There are just so many things that I relied on my mom for that I don’t know what I’ll do in the future. How do you fill the gap of a missing mom? She was only 58 when she died.
This isn’t just a ‘blame Seoul for all my problems’ kind of thing. Oh god no. For the last 2 months I’ve only had to deal with this; with my mom being in the hospital for a month, then passing, and now grieving. I haven’t had to pay bills, organize a schedule, interact with people that don’t know about this, make decisions of any kind, well I suppose, I haven’t had to move on. And that’s what hurts and kind of grips you with a bit of fear.

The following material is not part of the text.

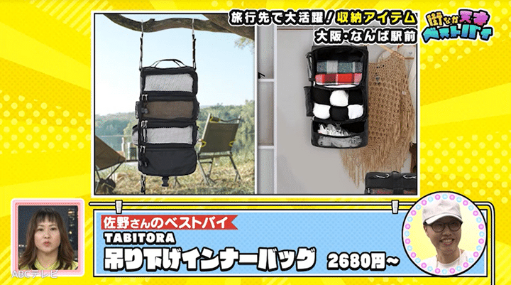 妹思いな姉のベストバイは、吊り下げ収納・TABITORA(タビトラ)。ますみも知っており、「スーツケースの中でもコンパクトに荷物を納められるし、そのままかけて、現地でいちいち(荷物を)出さなくてもいい」のだとか。“推し活遠征”はもちろん、キャンプや日常生活でも大活躍する便利アイテムです!

Hello Guilt phase! Do you plan on staying for a while? Cause you are a painful bugger. Oh, what’s that you say? Depression and Loneliness are on their way. Awesome! Let me tell you, having Denial, Shock, and Anger over for a visit has been a bit tiresome. Oh, right, Bargaining did stop by for a while but didn’t feel fulfilled so left early.

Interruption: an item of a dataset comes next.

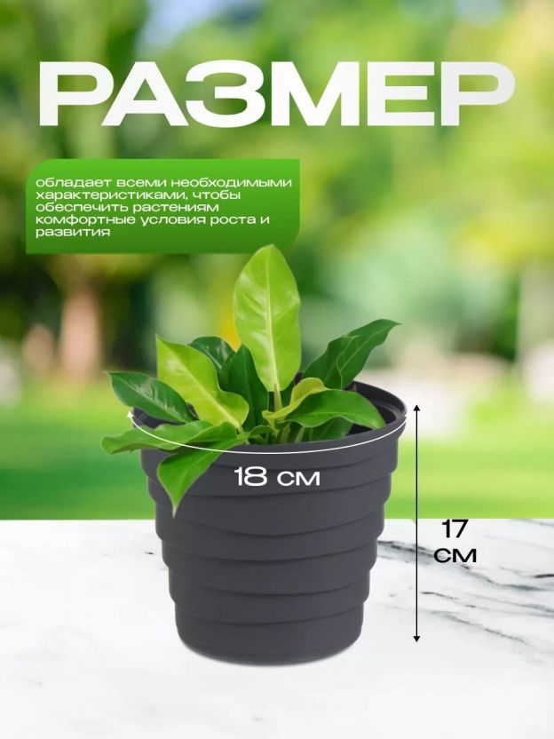Кашпо пластик, 2.25 л, универсальное, антрацит, La Decoro, Бархан, КШ-4318

Can I offer a suggestion? Ask your parents about their timelines well before they are sick, in the hospital or dying. What I mean is, we aren’t religious so when the celebrant was helping us to get the service ready, we needed to provide him with as much of a snapshot of my mom’s life as possible. My sister had asked me to write out a time line of her life. Here’s how it looked:
1950: born
1975: sister is born
1979: I was born
Then the details were easier seeing as I was, you know, around. But really, there is so much information that you don’t know, decisions that you don’t want to make (poems, songs, stories, pictures, etc that you may not know if they represent the person or would want to be remembered that way) or don’t have the energy to make, let alone provide detailed info to someone else. I suppose part of the grieving process is to talk about these things and share information, but if you moved as many times as my parents did (over 20 times in 38 years of marriage, never staying in one place longer than 5 years … yes we are nomads but it’s in the blood) things get a bit fuzzy.

Posted by beloved on February 17, 2009 at 9:22 AM
I’ve been thinking about you a lot. It was so hard for me EVERY time I left the comforts of the U.S.. I cannot begin to imagine how difficult it must be for you this time. It sounds like your dad is in good shape though (as far as being taken care of). I hope the fact that he has people looking out for him nearby will be a comfort to you.

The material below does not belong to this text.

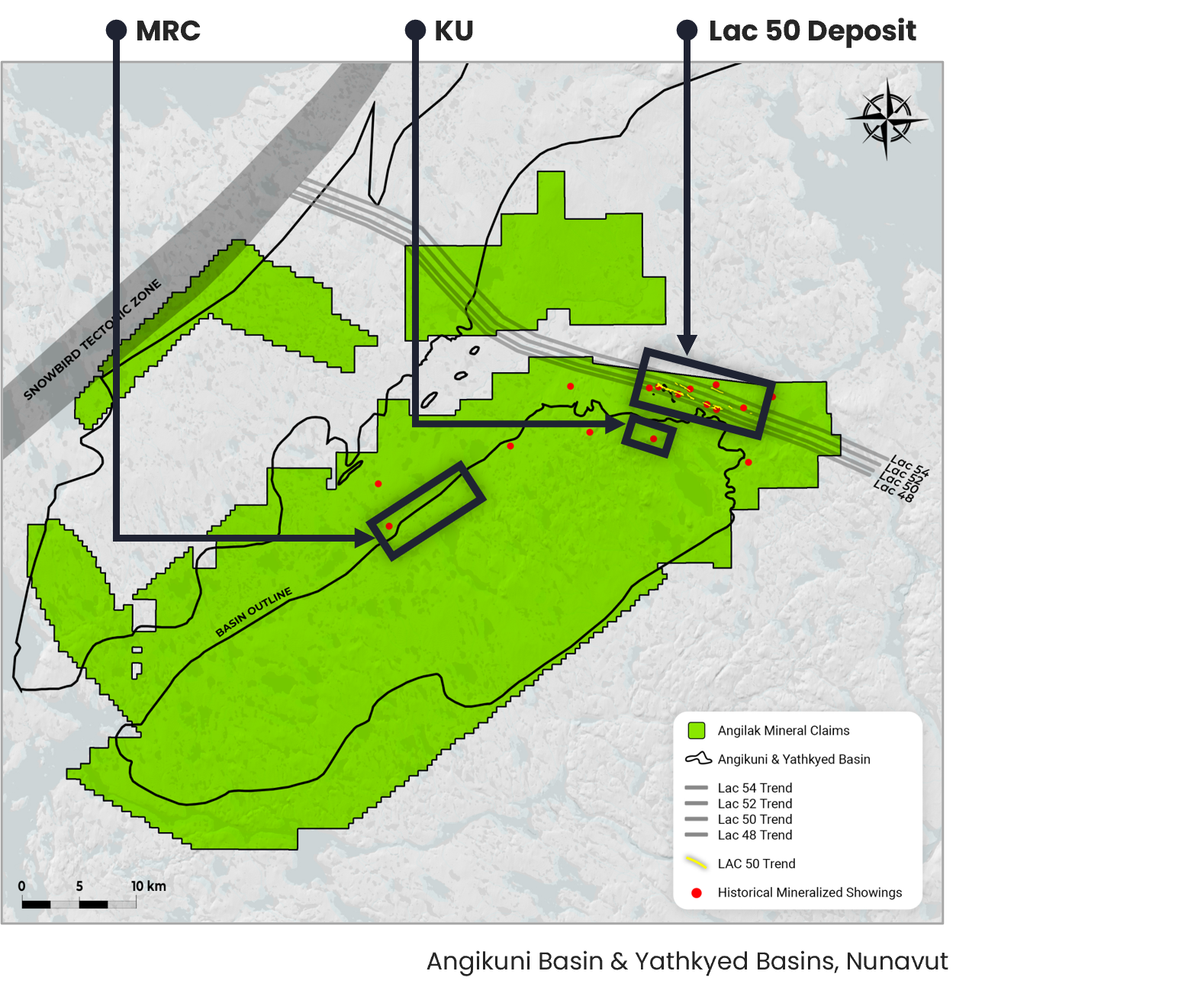 Angilak carries the risks common to exploration-stage assets, several of which are material enough to warrant specific identification. The project has no NI 43-101 compliant MRE. The Lac 50 Exploration Target is an internal estimate with no regulatory standing and cannot be used to calculate project economics. The 5 uranium showings identified in 2025 have each been tested by limited drilling - in the case of RIB North, by a single hole. Until multiple holes define the geometry of these systems, the grade and width of any single intercept cannot be extrapolated into a resource framework.

On that note, I’ve been wanting to tell you that it looks like I am gearing up for life in Korea again. My teaching position was cut here, and rather than start all over again in a different state, hubby and I are thinking that Korea makes more sense. Of course, he’s DYING to go back. I’m going to be dragging my feet the whole way. SO hard to leave my family, but it’s time to admit that Vermont is just not working and won’t work for us. I guess I should write you more on FB. Later… Take care and safe travels!
Posted by wevegotseoul on February 17, 2009 at 10:32 AM
Beloved!!! That’s so exciting!! Well, maybe more for me than you at this point in time… But, things have changed so much since you’ve been gone that I am sure you would find it more comfortable this time around. Where do you think you might go? Also, this time you’ll be able to get a university job (actually come to think of it I’m not sure where you taught before) so the lifestyle is more on par with life in the US/Canada – end of April/beginning of May is the hiring period ^^
Posted by beloved on February 20, 2009 at 4:47 AM
Yes, I’m actually getting excited. I taught at a university the first time around but it was at a hagwanized language education center so not a real uni gig. I had only 4 weeks of vacation. This time, I will get a sweet position.
I’ll be in touch through FB once you get transitioned back. Have a good flight. At least you can rest assured about your luggage, since you’ve got duct tape and all. haha.